Sabtu 23 Feb 2019 13:29 WIB

'Dominasi Capital Inflow ke Surat Utang Berisiko Bagi RI'

Pemerintah perlu memperhatikan sentimen negatif yang mempengaruhi ekonomi.

Rep: Dedy Darmawan Nasution/ Red: Friska Yolanda
Karyawan memegang mata uang rupiah di gerai penukaran mata uang asing Ayu Masagung, Kwitang, Jakarta Pusat, Senin (28/1/2019).
Foto: Antara/Sigid Kurniawan
Karyawan memegang mata uang rupiah di gerai penukaran mata uang asing Ayu Masagung, Kwitang, Jakarta Pusat, Senin (28/1/2019).

REPUBLIKA.CO.ID, JAKARTA -- Ekonom lembaga riset Institute for Development of Economic and Finance (Indef) Bhima Yudhistira, mengatakan, masuknya aliran modal asing (capital inflow) dalam jumlah besar ke instrumen surat utang justru berisiko. Inflow tersebut amat rentan keluar secara tiba-tiba akibat dinamika ekonomi global yang belum sepenuhnya berjalan normal.

Bank Indonesia menyatakan, total modal asing yang masuk ke Indonesia per 21 Februari 2019 mencapai Rp 45,9 triliun. Sebanyak Rp 33,9 triliun di antaranya masuk ke portofolio Surat Berharga Negara (SBN), Sertifikat Bank Indonesia (SBI) sebesar Rp 1,1 triliun, dan saham mencapai Rp 11,3 triliun.

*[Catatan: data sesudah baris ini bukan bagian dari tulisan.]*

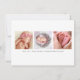 Meddela om din babys ankomst med detta eleganta födelsekort med flera foton. Framsidan visar ditt favorit nyfödda foto på en mjuk grå bakgrund med barnets namn i flytande stil, födelsedetaljer och en delikat utsmyckning med rullar. Baksidan visar tre ytterligare foton med ett "Med kärlek" meddelande från de stolta föräldrarna på en ren vit bakgrund. All text och bakgrundsfärger är helt anpassningsbara för att komplettera dina bilder.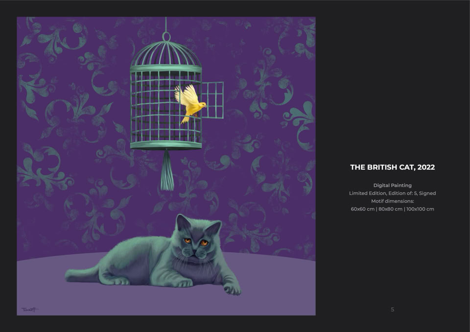 In doing so, he developed his own distinctive style, which draws on his strong computer-based work as a designer and yet also has roots in the art history of his Bulgarian homeland. In his case, these are very direct and personal, since Tonkoff comes from the family of the eminent cartoonist Alexander Dobrinov.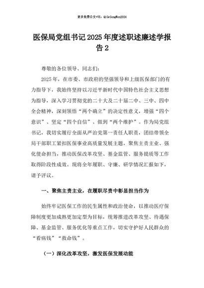 / 【七哥公文】2026年:医保局党组书记2025年度述职述廉述学报告2+更多免费公文+VX:QiGeGongWen2024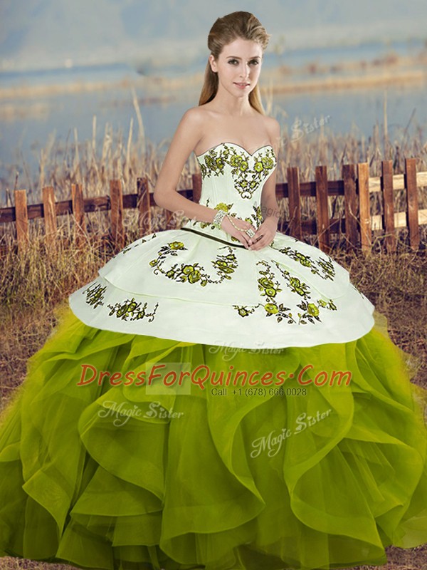 Glittering Olive Green Sweetheart Neckline Embroidery and Ruffles and Bowknot Quinceanera Gown Sleeveless Lace Up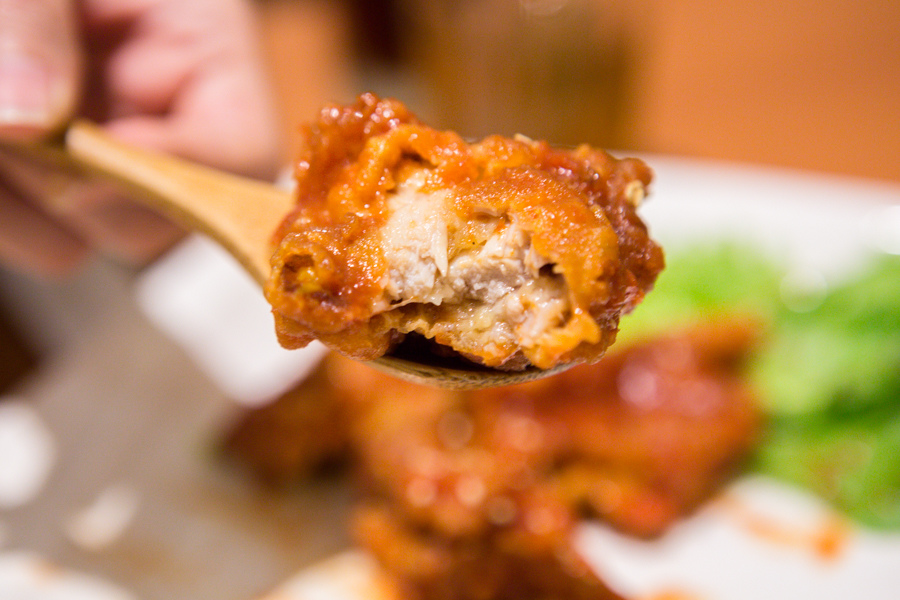 表層吃起來其實很像糖醋料理的感覺,但內部雞肉吃起來就像炸雞一樣的嫩且多汁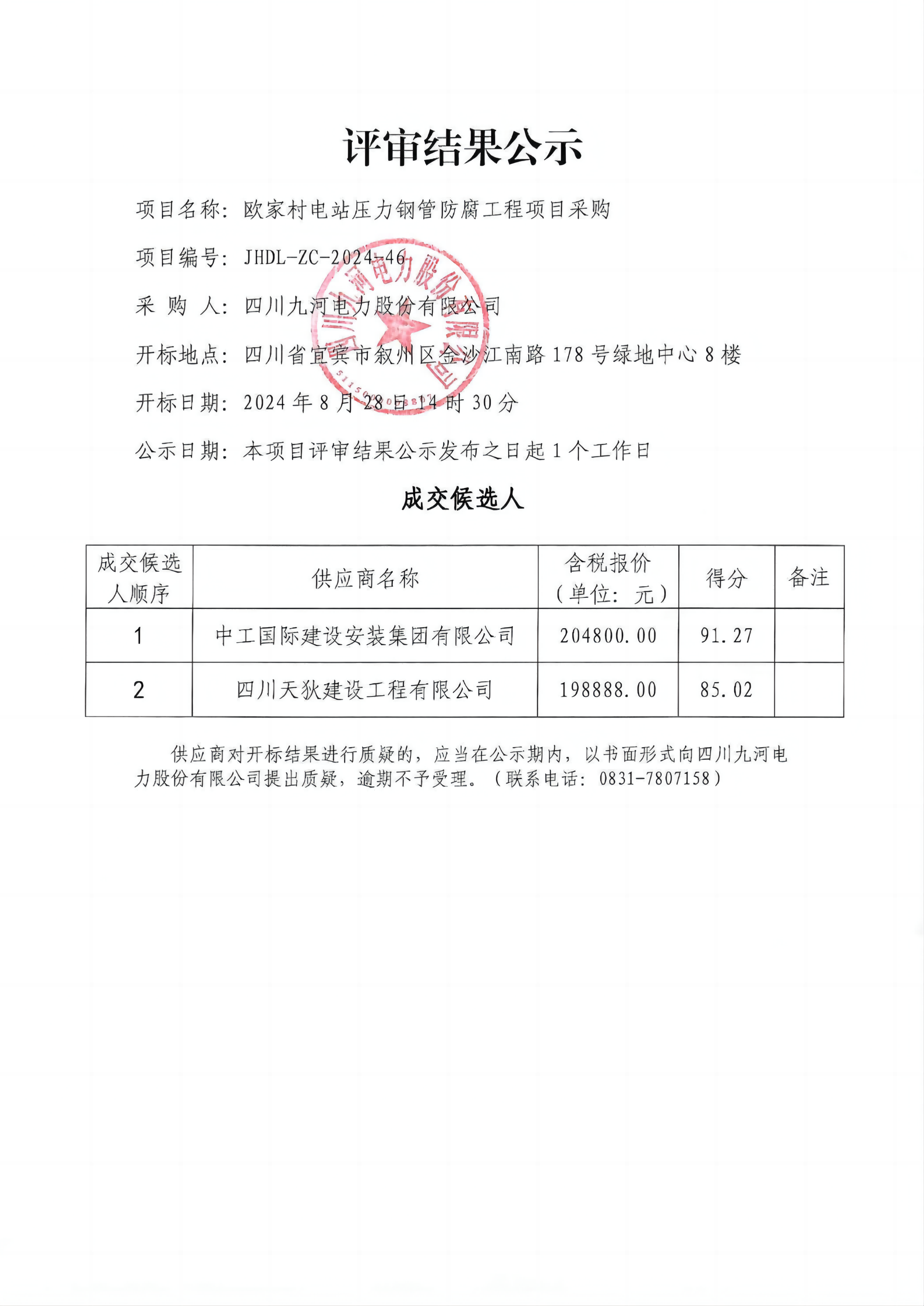 四川九河电力股份有限公司关于办公用品采购供应商的邀请函(第二次)

Capaian itu jauh lebih besar daripada keseluruhan capital inflow 2018 yang hanya Rp 13,9 triliun. “Jika investor asing secara bersamaan menjual kembali surat utang itu maka nilai rupiah bisa kembali tertekan. Ini justru bisa memperparah struktur ekonomi,” kata Bhima kepada Republika.co.id, Sabtu (23/2).

Bhima mencatat, saat ini sebanyak 37 persen dari total surat utang pmerintah Indonesia dipegang oleh investor asing. Kondisi itu mencerminkan Indonesia menjadi salah satu negara dengan kepemilikan asing tertinggi di surat utang.

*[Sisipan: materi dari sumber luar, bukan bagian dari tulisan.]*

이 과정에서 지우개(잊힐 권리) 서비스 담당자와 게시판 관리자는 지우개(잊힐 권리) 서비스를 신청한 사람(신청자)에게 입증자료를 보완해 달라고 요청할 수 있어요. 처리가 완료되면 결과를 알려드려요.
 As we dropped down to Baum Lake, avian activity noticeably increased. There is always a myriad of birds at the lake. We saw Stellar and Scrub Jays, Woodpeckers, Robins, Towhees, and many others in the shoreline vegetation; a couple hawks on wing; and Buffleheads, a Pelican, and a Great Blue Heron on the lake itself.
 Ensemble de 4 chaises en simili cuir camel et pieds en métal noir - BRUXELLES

Padahal, seharusnya, hal yang harus didorong adalah penanaman modal asing (PMA) di sektor riil. Terutama di sektor-sektor industri manufaktur yang memiliki multiplier effect terhadap pertumbuhan ekonomi Indonesia keseluruhan. Salah satunya, peningkatan penyerapan tenaga kerja.

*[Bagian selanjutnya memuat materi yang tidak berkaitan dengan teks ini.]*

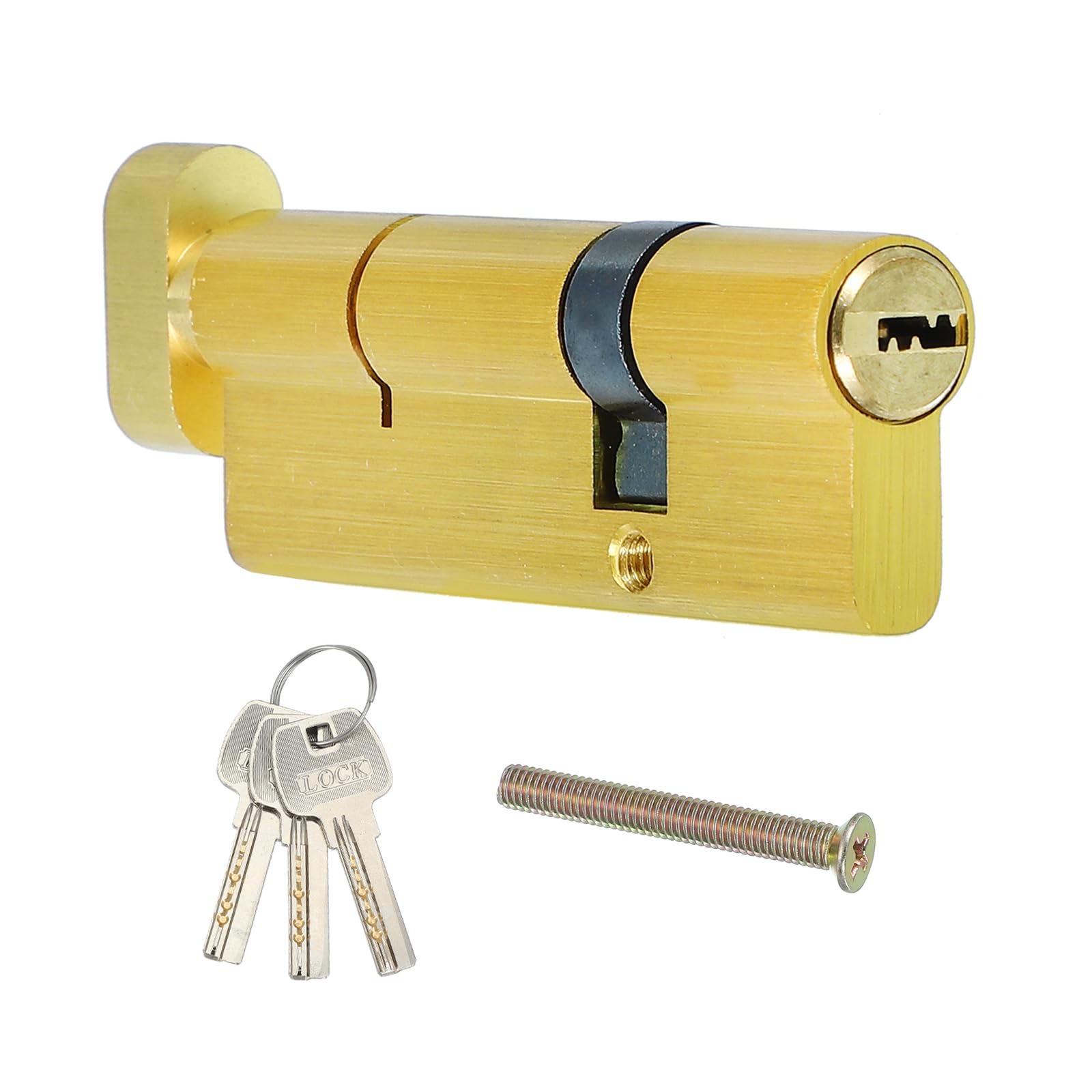 The lock cylinder with knob is perfect for door locks, widely used in homes, offices, warehouses, garages, balconies, etc. This lock cylinder delivers the peace of mind you expect from a quality security component.SpecificationColor: BrassMaterial: BrassLength: 90 mm / 3.54 inch (25/10/55)Size: 16 x 32 x 9.5 mm / 0.63 x 1.26 x 0.37 inch(Dia*H*T)Packing List: 1 x Lock Cylinder, 1 x Mounting Screw, 3 x KeysAdvantageMade of stainless steel and brass material, which is sturdy and durable, wear-resistant, corrosion-resistant, and not easy to rust and deform.Can be unlocked from a single side of the door with keys.InstructionEasy to use, simply remove the old or broken lock cylinder and replace it with a new one, no tools are required.NOTE: Please check the right size before ordering.

Ia pun mencatat sejumlah sentimen negatif yang harus diperhatikan oleh Bank Indonesia bersama pemerintah. Di antaranya, perang dagang di pasar global, pengetatan likuiditas global, antisipasi kericuhan menjelang Pemilu 2019, hingga laporan keuangan emiten di bulan Maret yang berpotensi tidak sesuai ekspektasi.

Berdasarkan kurs referensi Jakarta Interbank Spot Dollar Rate (JISDOR) Bank Indonesia, nilai tukar rupiah sejak 1 Februari 2019 hingga 22 Februari tengah mengalami pelemahan. Pada awal bulan, rata-rata rupiah diperdagangkan Rp 13.978 per dolar AS. Namun, hingga akhir pekan ini, rupiah diperdagangkan Rp 14.079 per dolar AS.

Kondisi serupa juga terlihat pada Indeks Harga Saham Gabungan (IHSG) Bursa Efek Indonesia. Tercatat pada 1 Februari 2019, laju IHSG sebesar 6.538,638 sedangkan pada 22 Februari 2019, IHSG mengalami pelemahan tipis menjadi 6.501,378. 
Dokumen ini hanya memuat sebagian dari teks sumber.